- According to reports, Zuckerberg pressed for the implementation of AI despite employee objections
- Employees allegedly discussed ways to hide how the company acquired their AI training data
- Judicial presentations suggest that target took measures to unsuccessfully mask their AI training activities
Goal faces a collective claim that alleges a copyright violation and unfair competition for the training of its AI model, Llama.
According to the judicial documents published by VX-Secrusion, a goal supposedly downloaded almost 82 TB of pirated books of shadow libraries such as Anna’s Archive, Z-Bibly and Liben to train their AI systems.
Internal discussions reveal that some employees raised ethical concerns in 2022, and an investigator explicitly states: “I do not think we should use pirated material”, while another said: “The use of pirated material should be beyond our ethical threshold” .

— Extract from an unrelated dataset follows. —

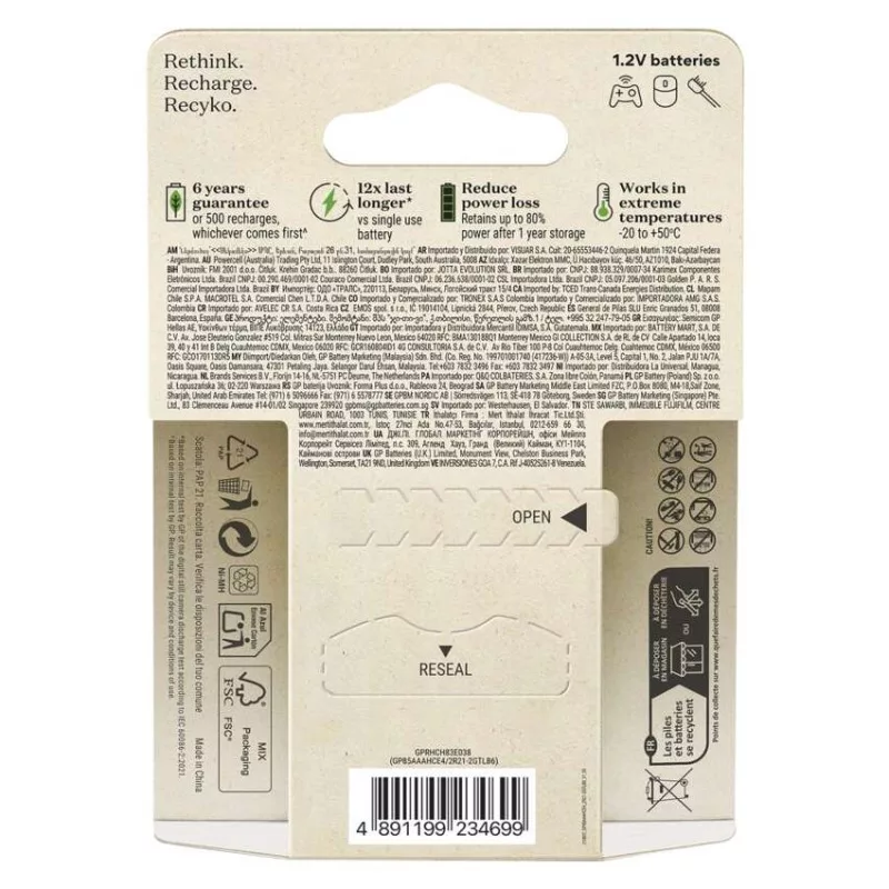GP ReCyko NiMH Akkumulátor HR03 (AAA) 850mAh 6db

Despite these concerns, goal seems to have advanced and taken measures to avoid detection. In April 2023, an employee warned against the use of corporate IP addresses to access the pirated content, while another said that “torrenting a corporate laptop does not feel good,” adding a smiling emoji.
There are also reports that the targets supposedly discussed ways to prevent the target infrastructure from being directly linked to discharges, asking questions about whether the company knew the copyright laws knowingly.
According to reports, in January 2023, the Meta CEO, Mark Zuckerberg, attended a meeting in which he pressed for the implementation of AI in the company despite internal objections.
Meta is not just to face legal challenges about the training of AI. Operai has been sued several times for allegedly using books with copyright without permission, including a case presented by the New York Times in December 2023.
Nvidia is also under legal scrutiny for training its Nemo model in almost 200,000 books, and a former employee had revealed that the company scraped more than 426,000 video hours daily for the development of AI.
And in case it has been lost, OpenAi recently said that Depseek obtained illegal data from its models, highlighting the ongoing ethical and legal dilemmas that surround the training practices of AI.